**SUPPLIED DATA**
---+---

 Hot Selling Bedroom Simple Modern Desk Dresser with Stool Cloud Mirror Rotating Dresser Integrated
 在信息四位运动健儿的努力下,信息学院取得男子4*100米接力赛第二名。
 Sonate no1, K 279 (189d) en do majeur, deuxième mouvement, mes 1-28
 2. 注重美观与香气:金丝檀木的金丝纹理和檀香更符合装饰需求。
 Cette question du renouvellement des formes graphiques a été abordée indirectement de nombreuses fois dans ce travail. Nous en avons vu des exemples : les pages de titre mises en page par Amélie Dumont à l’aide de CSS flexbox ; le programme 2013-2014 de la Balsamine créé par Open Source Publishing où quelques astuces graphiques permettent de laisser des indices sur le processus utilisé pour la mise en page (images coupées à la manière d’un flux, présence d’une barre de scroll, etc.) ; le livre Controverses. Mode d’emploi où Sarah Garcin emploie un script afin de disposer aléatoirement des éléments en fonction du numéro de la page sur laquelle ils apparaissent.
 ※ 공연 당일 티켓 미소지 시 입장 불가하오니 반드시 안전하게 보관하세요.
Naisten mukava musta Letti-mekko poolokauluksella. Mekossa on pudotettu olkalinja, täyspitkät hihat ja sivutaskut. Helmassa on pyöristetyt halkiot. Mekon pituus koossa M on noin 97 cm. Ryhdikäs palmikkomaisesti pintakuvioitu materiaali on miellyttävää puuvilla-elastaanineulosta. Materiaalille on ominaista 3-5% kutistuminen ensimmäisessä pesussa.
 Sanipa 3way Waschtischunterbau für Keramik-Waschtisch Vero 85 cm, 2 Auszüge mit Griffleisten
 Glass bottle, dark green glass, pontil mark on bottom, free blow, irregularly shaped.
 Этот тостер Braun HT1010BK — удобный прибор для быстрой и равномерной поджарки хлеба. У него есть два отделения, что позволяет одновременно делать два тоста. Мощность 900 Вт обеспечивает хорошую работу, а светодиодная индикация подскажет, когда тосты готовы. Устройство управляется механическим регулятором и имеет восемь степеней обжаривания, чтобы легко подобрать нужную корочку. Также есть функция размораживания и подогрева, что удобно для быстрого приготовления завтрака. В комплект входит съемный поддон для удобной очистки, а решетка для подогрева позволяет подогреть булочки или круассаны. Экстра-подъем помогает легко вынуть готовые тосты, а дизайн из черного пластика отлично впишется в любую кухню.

---+---

**DESCRIPTION OF THE TASK**
Extract exactly the lines between the line containing "Naisten mukava musta" and the end of the data, including both.

**EXPECTED OUTPUT**
Naisten mukava musta Letti-mekko poolokauluksella. Mekossa on pudotettu olkalinja, täyspitkät hihat ja sivutaskut. Helmassa on pyöristetyt halkiot. Mekon pituus koossa M on noin 97 cm. Ryhdikäs palmikkomaisesti pintakuvioitu materiaali on miellyttävää puuvilla-elastaanineulosta. Materiaalille on ominaista 3-5% kutistuminen ensimmäisessä pesussa.
 Sanipa 3way Waschtischunterbau für Keramik-Waschtisch Vero 85 cm, 2 Auszüge mit Griffleisten
 Glass bottle, dark green glass, pontil mark on bottom, free blow, irregularly shaped.
 Этот тостер Braun HT1010BK — удобный прибор для быстрой и равномерной поджарки хлеба. У него есть два отделения, что позволяет одновременно делать два тоста. Мощность 900 Вт обеспечивает хорошую работу, а светодиодная индикация подскажет, когда тосты готовы. Устройство управляется механическим регулятором и имеет восемь степеней обжаривания, чтобы легко подобрать нужную корочку. Также есть функция размораживания и подогрева, что удобно для быстрого приготовления завтрака. В комплект входит съемный поддон для удобной очистки, а решетка для подогрева позволяет подогреть булочки или круассаны. Экстра-подъем помогает легко вынуть готовые тосты, а дизайн из черного пластика отлично впишется в любую кухню.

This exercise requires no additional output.